К жене. 12 декабря 1916 г. Шумляны — Галиция.

Немец за последнее время что-то очень развозился. Все время не смолкает раскатистая стрельба по нашей пехоте; нам, артиллеристам, тоже слегка влетает. Вчера выбило шрапнелью окна в халупе второй батареи и убило на наше счастье двух крестьянских коров, которых артельщик не преминул поспешно купить по дешевой цене.

Вчера мы целым отрядом во главе с командиром дивизиона ездили на рекогносцировку позиции. День выдался на редкость прекрасный: теплый и тихий; на синем небе ни одного облака. Неприятная сторона таких прекрасных дней — громадное количество немецких аэропланов. Так как наш отряд был довольно многочислен, коней в тридцать, то мы естественно ожидали, что немцы сбросят нам на головы несколько бомб. Некоторая неприятность этого ожидания увеличивалась тем, что наша артиллерия, желая предупредить немецкое бомбометание, усиленно обстреливала аэропланы и потому неустанно обсыпала нас шрапнельными пулями, трубками и стаканами.

Рядом со мной ехал капитан Ю-ч. Когда совсем близко от него зарылся в землю шрапнельный стакан, его маленькая жокейская фигура как-то инстинктивно съежилась на седле. Искренне удивленный таким неожиданным поведением своих мышц, он смущенно посмотрел на меня и сказал: «Да, родной мой, уж не тот человек стал, —[152]бояться, пожалуй, меньше боишься; чем в начале войны, — всё все равно стало, — а ежишься так, как раньше бы себе никогда не позволил».

Знаешь, мне кажется, что все мы стали одновременно и много храбрее, и много трусливее. Храбрее в смысле возможности все перенести, а трусливее в смысле нежелания что-либо переносить. Храбрость окончательно утратила всякое родство с духом самозабвения и с нарядностью поведения, превратившись в пустую душевную нудность, в тупую привычку терпеть, в ужасное «все все равно». Нервы же, конечно, у всех ослабли. Ю-ч один из самых храбрых офицеров, а вот уже и он ежится.

Произошло это, думается мне, оттого, что постоянная опасность перестала ощущаться душою, как новое и значительное переживание, как некая духовная ценность.

Когда-то в страшные минуты в моей душе звучала мелодия, теперь опасность наполняет мою душу лишь отвращением к войне.
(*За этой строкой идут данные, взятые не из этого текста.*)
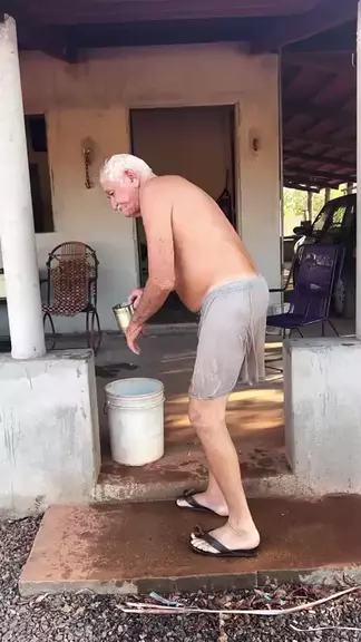bastião tomando banho ao ar livre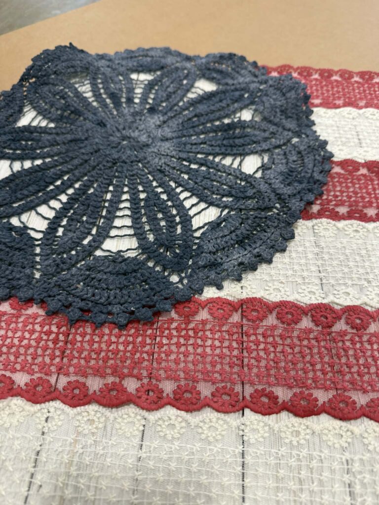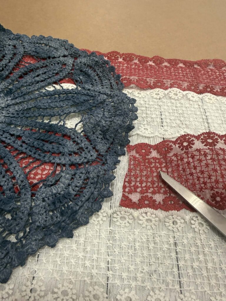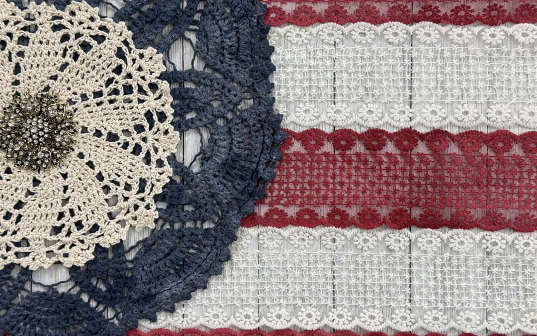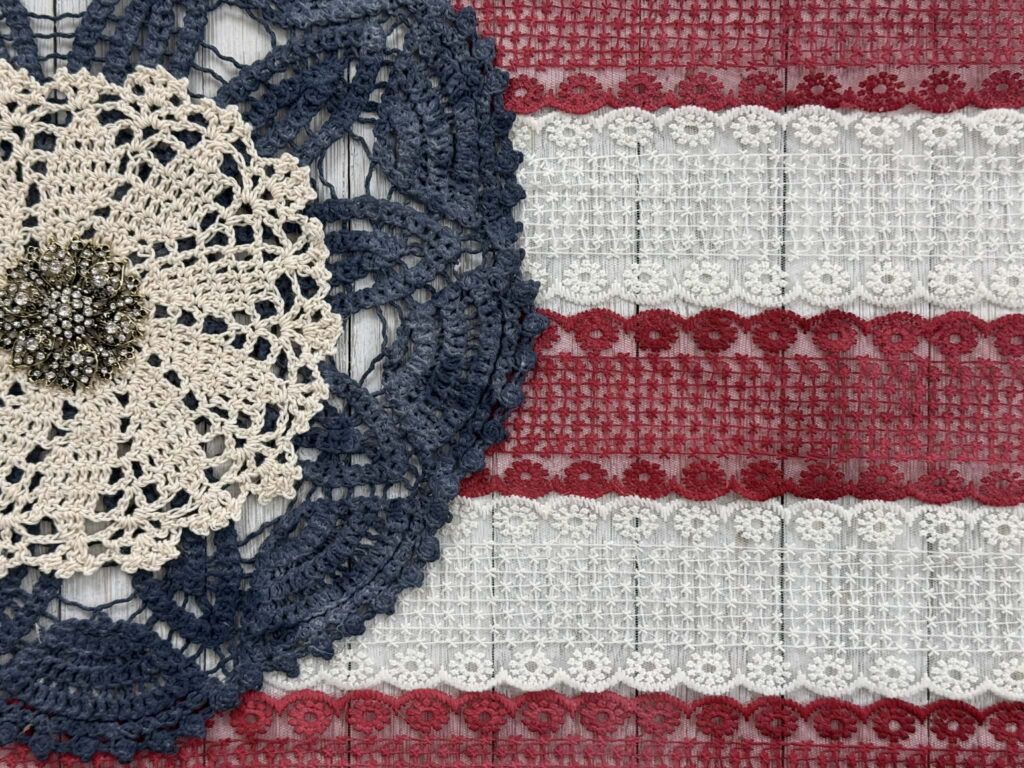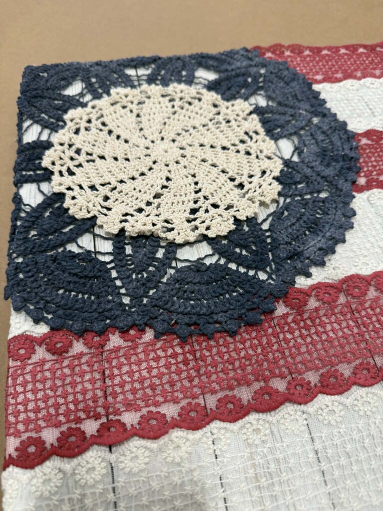 I love creating home decor using lace and doilies. We recently added a beautiful wide lace ribbon to our website, and I’m so excited to get creative with it. There are so many different ways to use lace ribbon in DIY home decor, but I thought it would be fun to create an Americana flag decoration.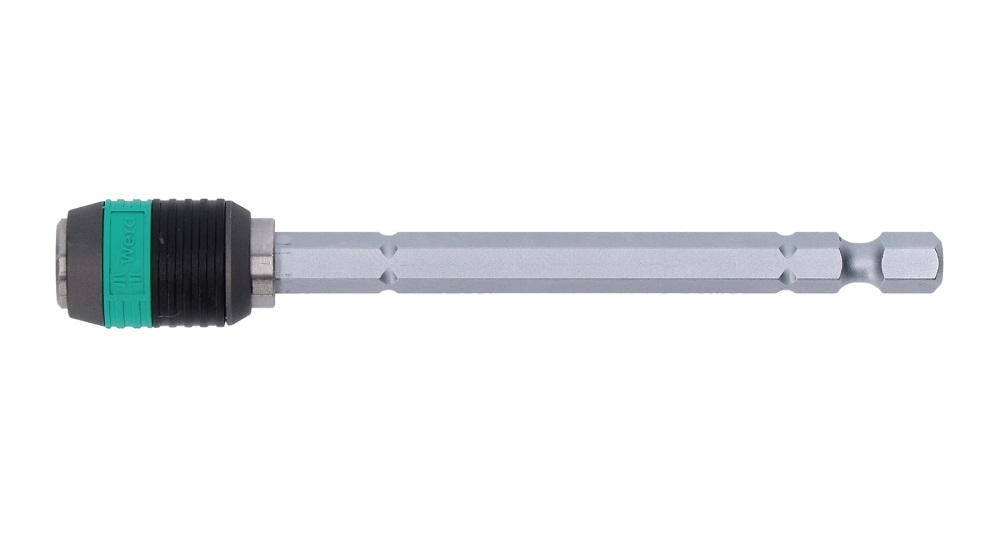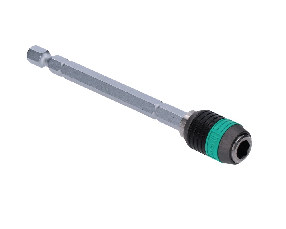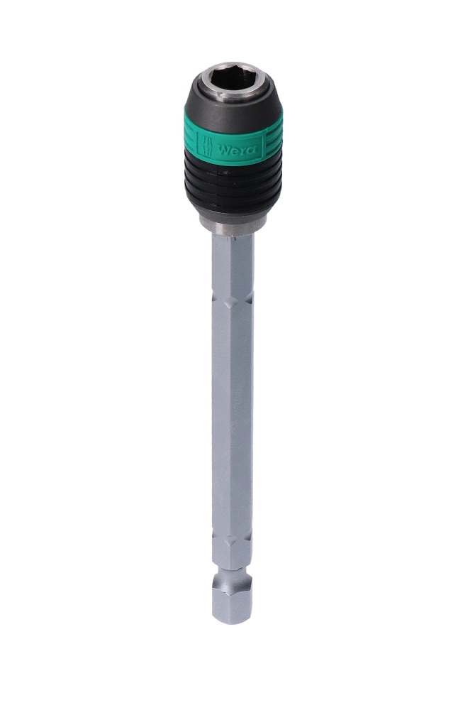 Držák bitů Wera Rapidaptor, magnet, pouzdro z nerezu, délka 100 mm. Rapidaptor umožňuje upnutí bitů i bez manipulace s pouzdrem. Vyjmutí bitu se provádí jednoduchým posunutím směrem dopředu – pro bleskovou výměnu bitů, také jen jednou rukou. Silný permanentní magnet drží bity velmi pevně.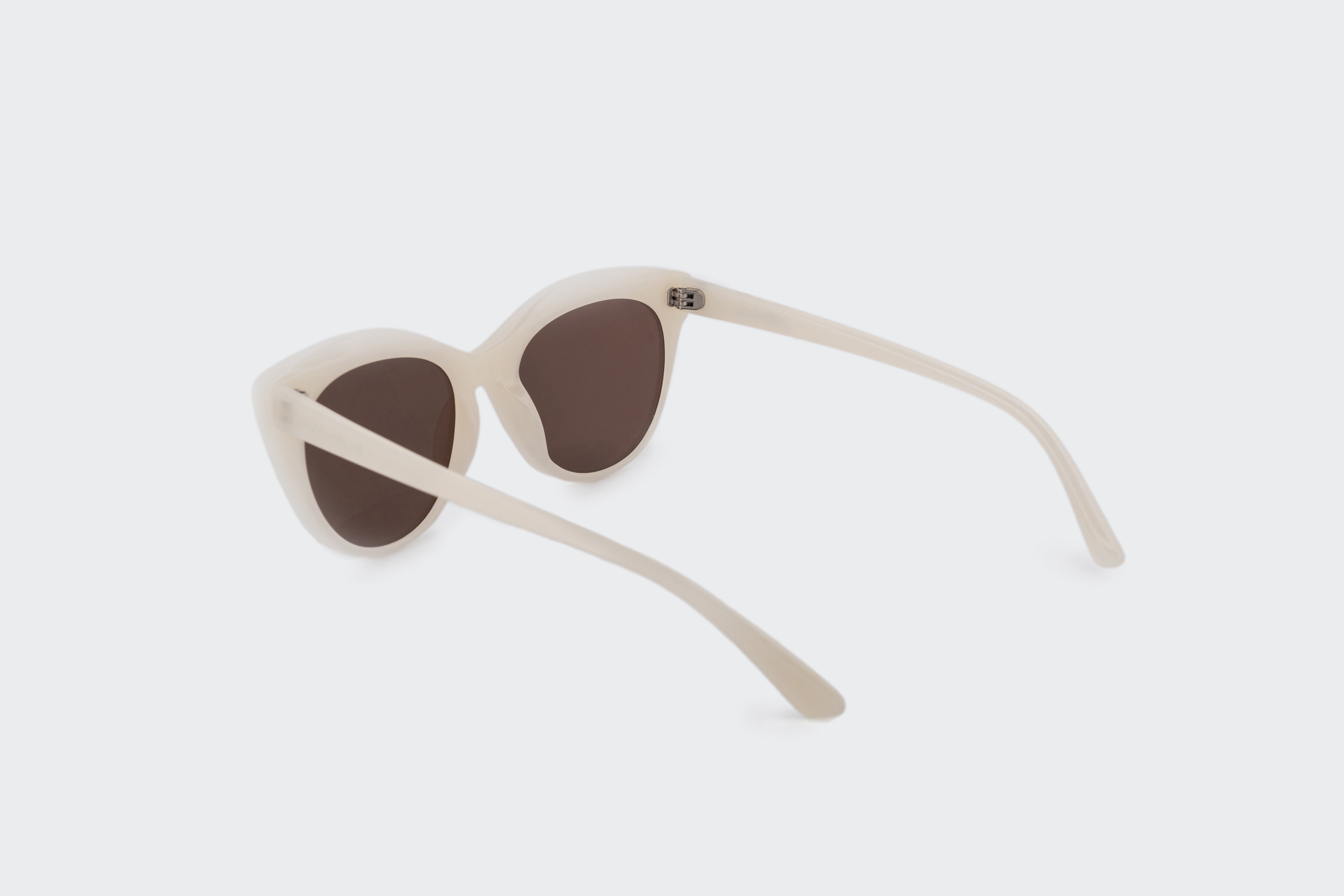 わずかに持ち上がったトップラインが顔の輪郭をすっきりと見せる。リベットディテールと流れるような曲線美が、ヴィンテージな雰囲気とエレガントさを際立たせる。フェミニンでありながら独自のシルエットが、どんな場面でも視線を引きつける。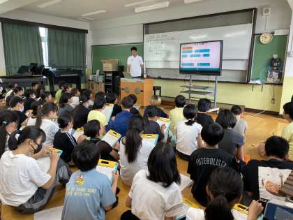 総合的な学習の時間『大黒柱 for future』の一環として、今回は元プロサッカー選手の方にお越しいただき、お話を聞かせていただきました。どの仕事も本質は同じで、それぞれの仕事はつながっていることや、誰にもチャンスは転がっているので、人が面倒くさいと思うことを率先してすることで、信頼を積み重ね、一生懸命、目標に向かって頑張ることが大事、自分次第でチャンスをつかみ取ることができることを教えていただきました。いきなり大きなことを成し遂げるのは難しくても、学校生活の小さなことをまずは1学期の終わりまでやり切ることができれば、今日の学びを生かせそうですね。他にもたくさんお話していただきました。その内容は子どもたちに聞いてみてください!

Раньше мне казалось, что моим ранением и моею смертью ведает мудрая судьба, теперь мне часто сдается, что весь я всецело во власти какой-то идиотической случайности. Раньше свист шрапнели будил во мне метафизическую мысль о человеческой судьбе, возмездии, загробной жизни, — теперь он приводит мне на память запах гнойных бинтов, стоны и крики в перевязочных.



Эта загрязненность фантазии тяжело тяготеет надо мною, прекращая мое духовное неприятие войны в чисто физиологическое к ней отвращение. Вот вчера, например, когда я возвращался с разведки позиции мимо деревни, которую немцы как раз «драли» девятидюймовыми, и слушал безумное кряканье рвущихся чудовищ, у меня разболелась голова и поднялась тошнота. Ничего подобного я раньше никогда не испытывал.

Нога моя совсем нехороша, и я все больше убеждаюсь, что доктор Финк был прав, утверждая, что служить в строю я все равно не смогу. Бродили мы, разыскивая позицию, всего ничего, но все же у меня к вечеру появились сильные боли, и Семеша еле стащил сапог. Очень может быть, что отвращение к войне и состояние ноги заставят меня подать рапорт о переводе в парк.[153]

К жене.20-го декабря 1916 года. Позиция под Тростянцем. Галиция.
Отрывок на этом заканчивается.